Around that same time, I started considering a new blog design. Started looking at colours, and really started mulling over a tag line. I knew I was ready for a secondary heartbeat to be finished, and for nadinewouldsay to be the name. But a tag line. That's what I wanted. Something that made it more than just nadinewouldsay and that showed my purpose.
One day, I came up with it. I wrote it down, and stored it in my heart. I thought about in constantly, so grateful I'd finally put in a sentence what my heart was.
Another day, I popped back over to that site I mentioned earlier. To my horror, I saw my tag line there.
I had no idea if I had seen it there and thus been inspired, or if I'd been inspired elsewhere and her line happened to be the same.
I felt hurt.
Not by her or anybody. But I was sad.
I hadn't set out to steal something but I knew that if I used the tag line I would be stealing.

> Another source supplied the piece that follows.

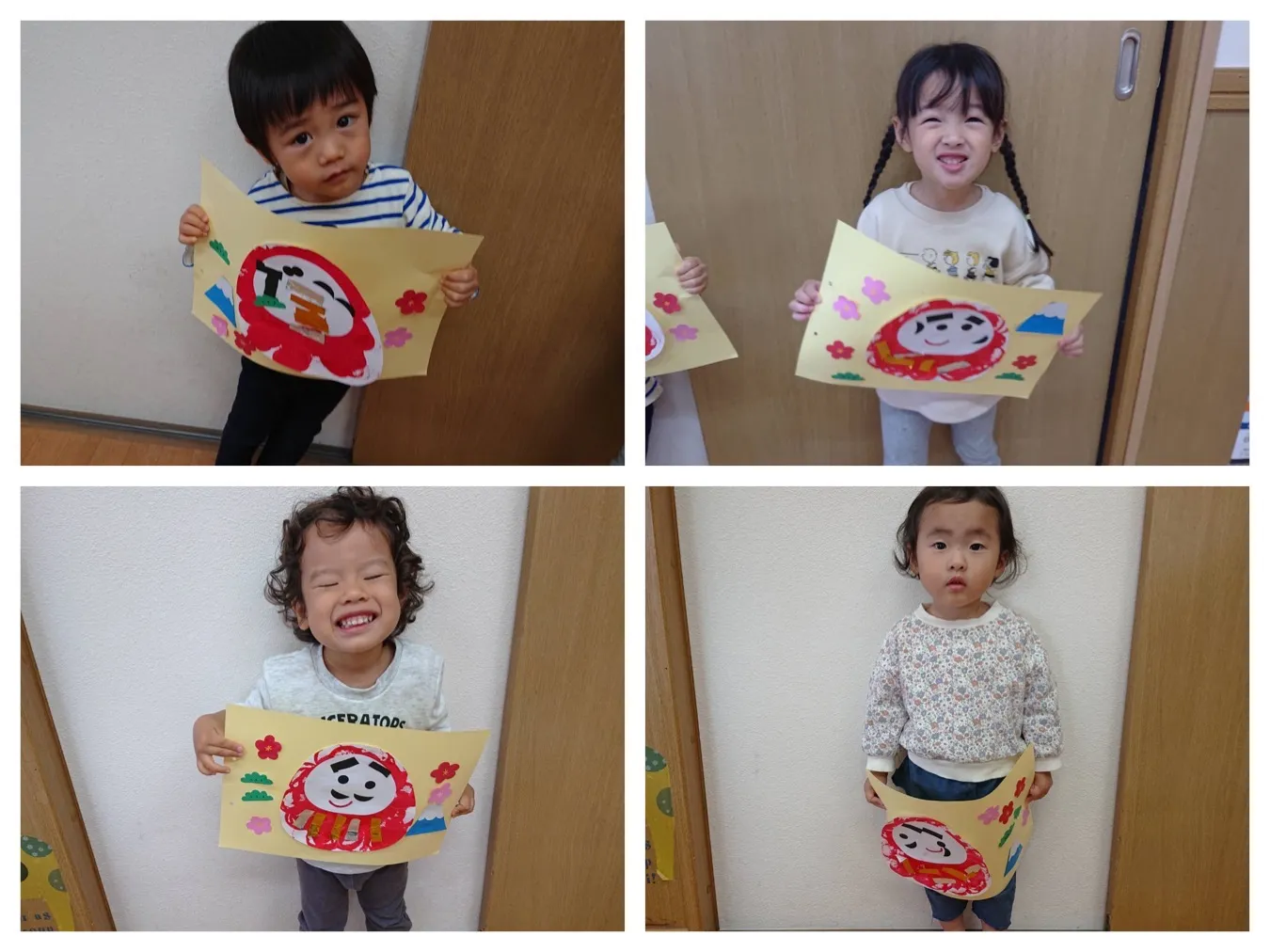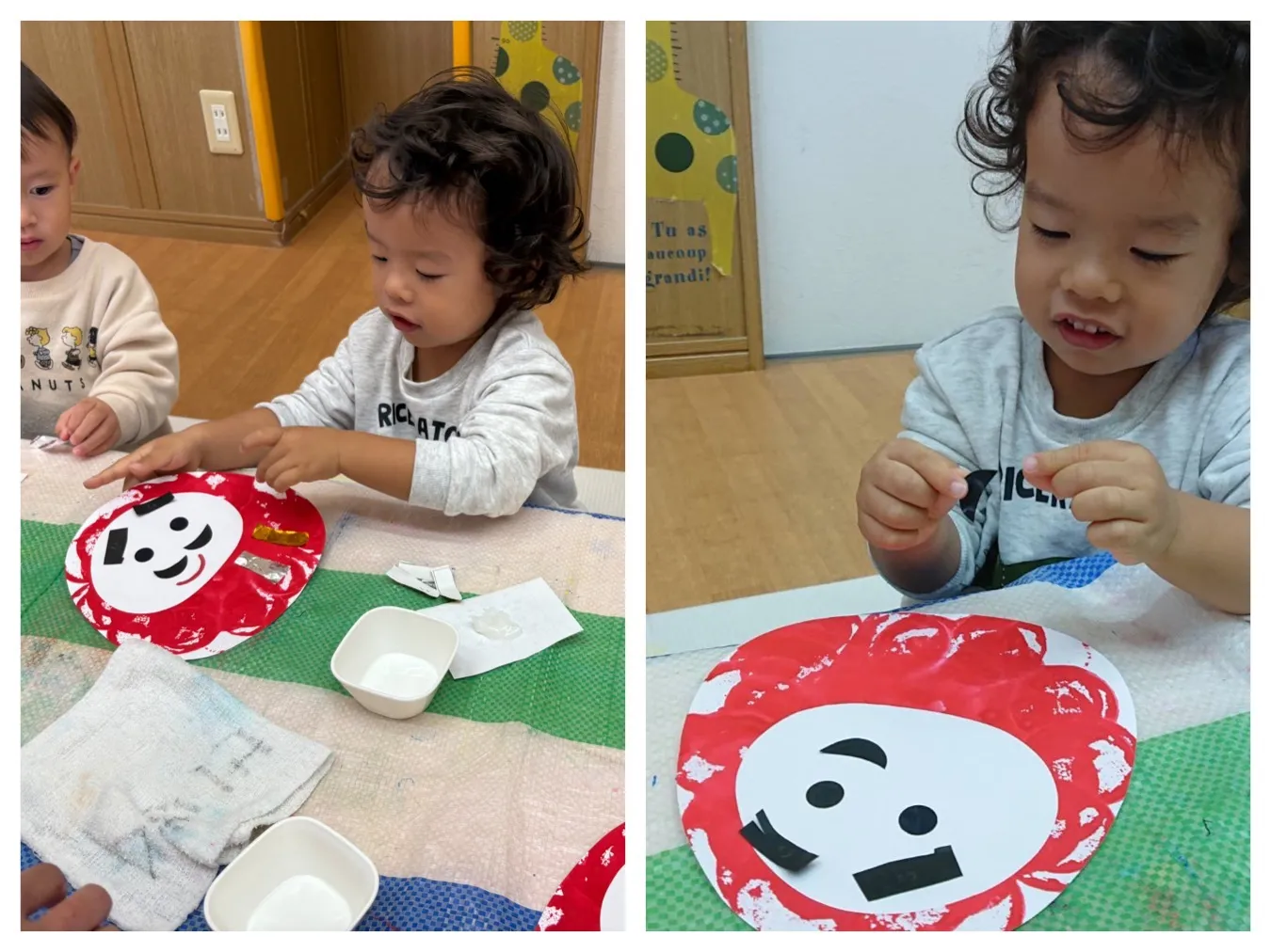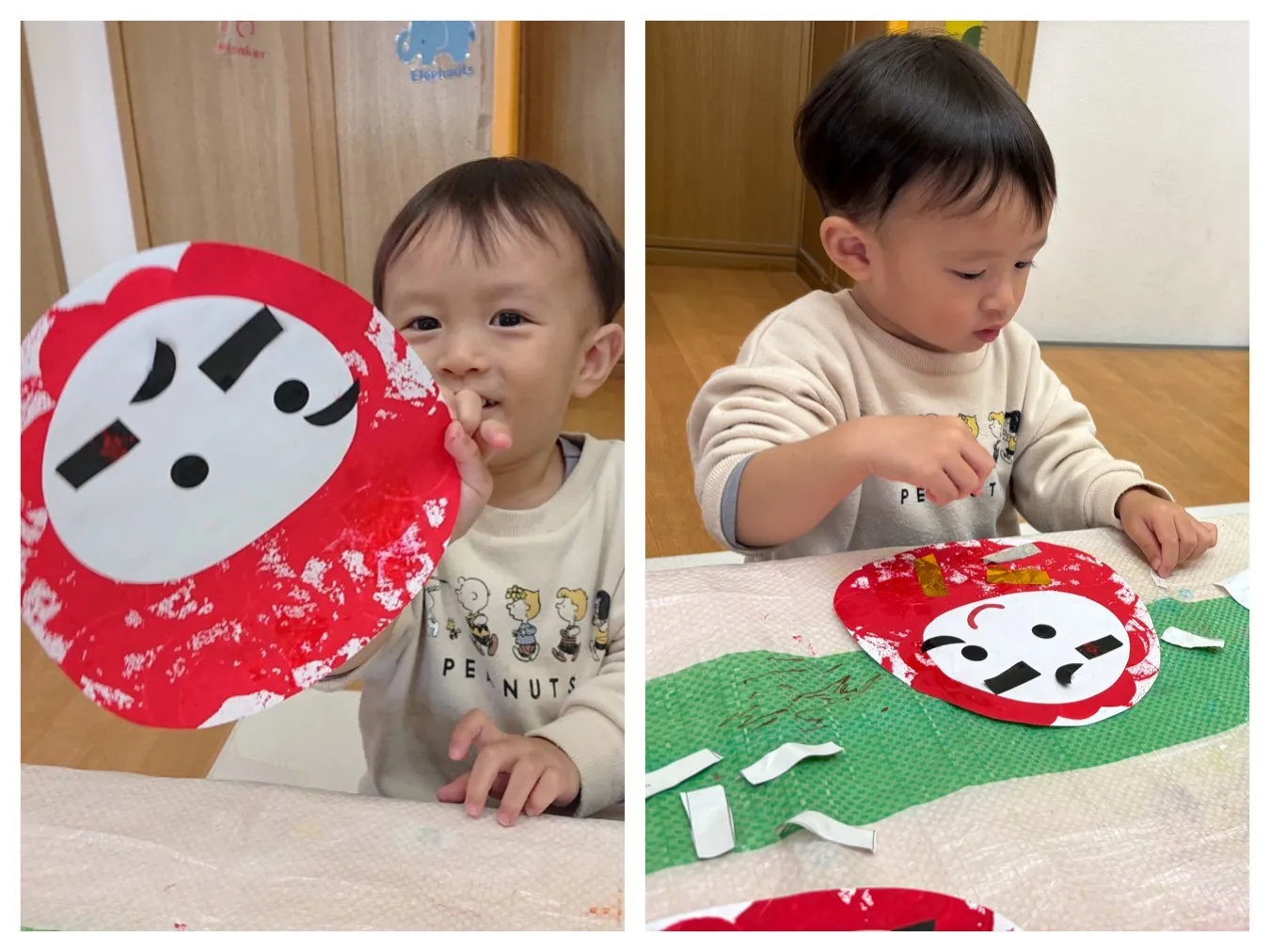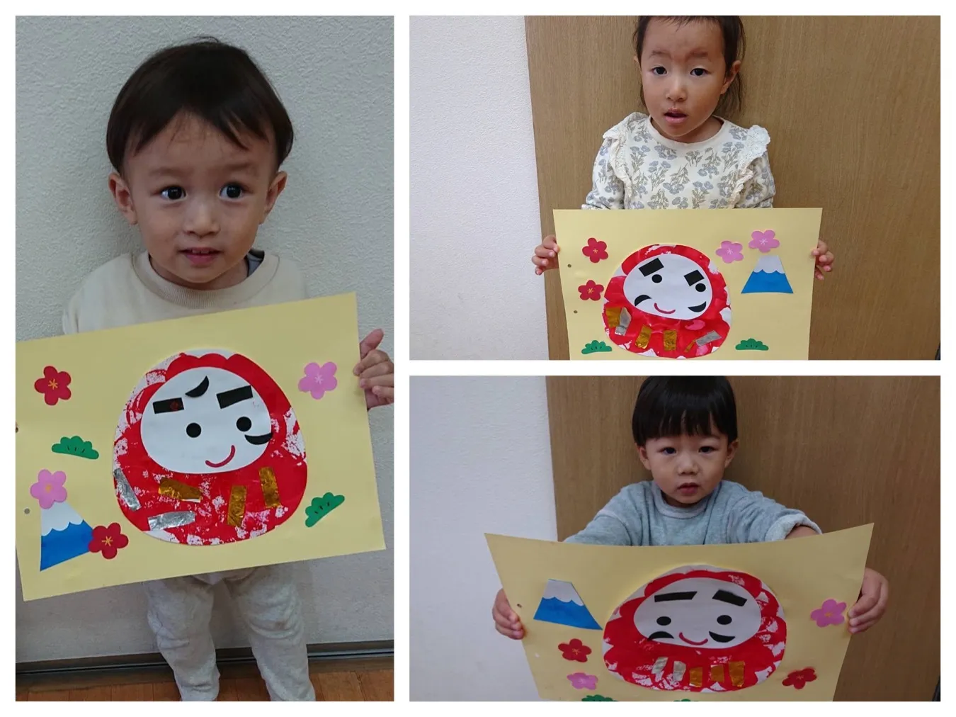 今日は、1月の製作をしました。タンポでだるまの形に色を付けたものに、目や眉毛、ひげなどを付けていきだるまの完成!台紙に貼ってまわりに飾りも付けました。子ども達によいお正月が迎えられそうです。

I know in my heart that coming up with that line wasn't sinful. It wasn't wrong or bad or hurtful or ill intentioned. But if I ever put it up anywhere online, it would be sinful. It would be hurtful and unkind.
Do nothing from selfish ambition or conceit, but in humility count others more significant than yourselves. Let each of you look not only to his own interests, but also to the interests of others. Philippians 2:3-4
As a lover of Jesus, the God OF the universe, the Creator of ALL things, I can trust that He'll give me a different line for this space. It might take me a while (because that one was SO good and said exactly what I wanted to say), but it'll come.

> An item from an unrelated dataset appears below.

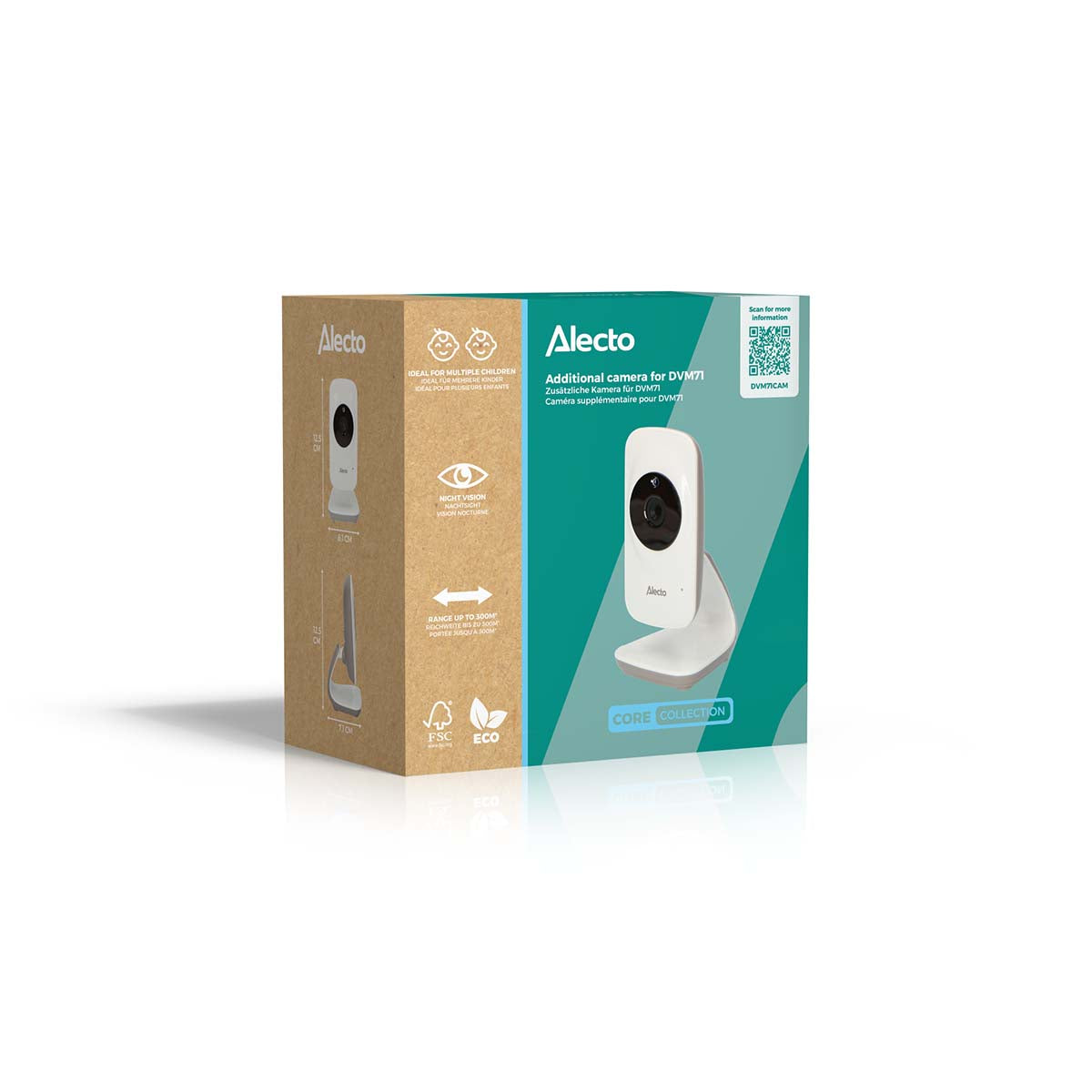 De Alecto DVM71CAM is een extra camera ter uitbreiding van de Alecto DVM71 en DVM71BLACK babyfoon met camera. Standaard worden deze babyfoons geleverd met één ouderunit en één babyunit (de camera). Maar wanneer je meerdere kindjes hebt, verschillende slaapplekken in huis wilt monitoren of extra flexibiliteit zoekt, is een extra camera een ideale oplossing. Met de DVM71CAM breid je jouw babyfoon eenvoudig uit en kun je tot wel vier camera’s koppelen aan één ouderunit.

My job is to create NEW things, inspired by the One who makes all things new.
Kim of oh, sweet joy! wrote some good
words on a similar topic. Before I'd even read Kim's post, I had
already been mulling through similar thoughts myself. Her words are
worth a read.
She shared of being on the opposite side of where I am. As somebody who had created something and had is stolen. Reading her words confirmed to my heart that I needed to honour God and this friend's tagline by not using it for myself. I had already decided that I wouldn't use it, but now I knew I couldn't use it.
And whatever you do, in word or deed, do everything in the name of the Lord Jesus, giving thanks to God the Father through him. Colossians 3:17
Blogging is only honouring to God if I do it FOR HIM. I give Him thanks for this online space, I give Him all the glory, honour, and praise. And I trust that He's going to give me a new tag line.
Update: Because I have curious and gracious friends, I'd already received a text before 6am asking about this, a friend kindly sharing sympathy that I'd not been able to have this line. I wanted to share here what I shared with her, because what I shared with her is the point of sharing this story. I'm not sharing this story to gain sympathy. I'm sharing it to point out that sometimes we're given option to sin, to steal, to take - but that we don't have to. We can choose a better path. We can follow our Lord Jesus who chose to humble Himself from God to man. If Jesus can do that, then I can easily give up a tagline.
My friend had just said that she was sorry for me.
No it's okay. I wrote the piece last week but I feel like I came to terms with that ages ago. I just felt like people needed to hear that we can't use the things that aren't ours if they aren't ours first. And that we have to trust God will give us new things.